The folks at Data Cars, a London minicab company, must be tearing their hair out right now after they were blasted by Rape Crisis, a U.K. non-profit helping sexual assault victims, over this ad promoting their taxi service:
Some context: It rains a lot in Britain. It also rains unpredictably. You can leave your house in blazing sunshine only to find yourself sheltering from a chilly downpour an hour or so later. It's an island, so the weather just blows in unimpeded from the Atlantic. What Data Cars is going for here is a reminder about the experience virtually every British woman has had: Going out in a nice dress only to get dumped on from the skies later in the evening. Hence, taxis.

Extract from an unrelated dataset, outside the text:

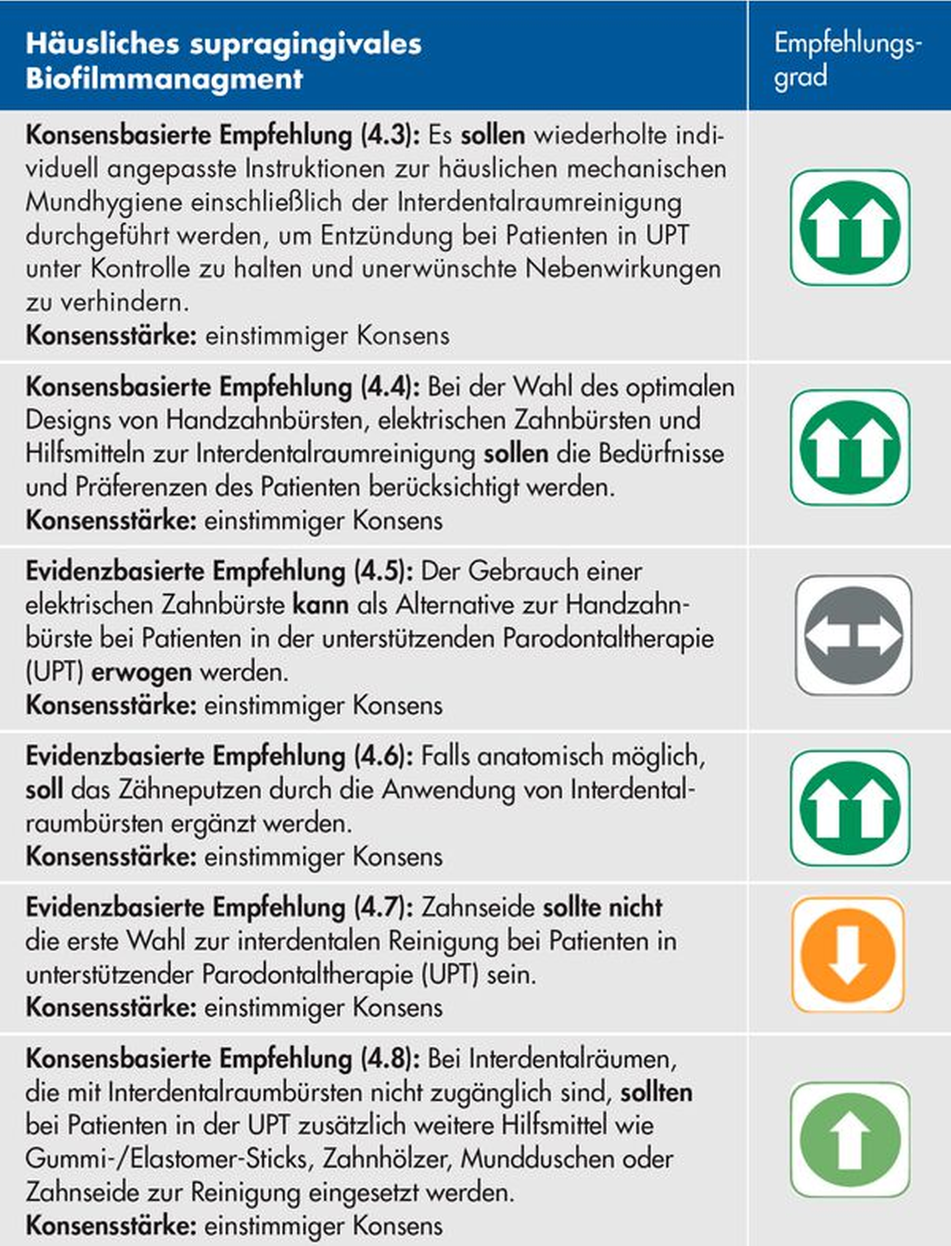 Die professionellen Interventionen benötigen ein strukturiertes Recall-System mit Besuchen von etwa 45 bis 60 Minuten, die an den Bedarf des einzelnen Patienten individuell angepasst sind. Dabei sollte beachtet werden, dass weder eine Über- noch eine Untertherapie erfolgt, weshalb die UPT-Intervalle in Abständen von drei bis maximal zwölf Monaten geplant werden sollten (Konsensbasierte Empfehlung 4.1 mit starkem Konsens der Leitliniengruppe) und fortlaufend individuell an das Risikoprofil und den parodontalen Status des Patienten angepasst werden [Polak et al., 2020; Ramseier et al., 2019; Sanz et al., 2015; Trombelli et al., 2015; Trombelli et al., 2020]. Die Empfehlung, den Patienten zur Einhaltung seiner UPT-Intervalle zu motivieren, fand ebenfalls einen starken Konsens (Konsensbasierte Empfehlung 4.2), da dies für die parodontale Langzeitstabilität und mögliche weitere Verbesserungen des parodontalen Zustands von entscheidender Bedeutung ist [Costa et al., 2014; Sanz et al., 2015; Trombelli et al., 2015]. Zusätzliche Strategien zur Motivation werden analog den entsprechenden Empfehlungen der ersten Therapiestufe eingesetzt.

Yet Rape Crisis saw something else entirely in this ad, according to The Mail:
Katie Russell from the charity said: ‘The best case scenario, giving the company the benefit of the doubt, is that they're not aware of the associations that the image on this postcard conjures. ‘The worst case scenario is that they've knowingly used scare-mongering, sexist and victim-blaming imagery and messaging in a cynical marketing ploy.’
Perhaps Rape Crisis didn't see the back of the postcard, which looks like this:
Yet somehow, a lot of people are seeing what they want to see in the ad, according to South London's News Shopper:
Twitter user John Traynor wrote: "Hello @datacars, just seen your ad on a postcard; is it saying: 'Pay for a cab or you might be dis-robed and beaten'?"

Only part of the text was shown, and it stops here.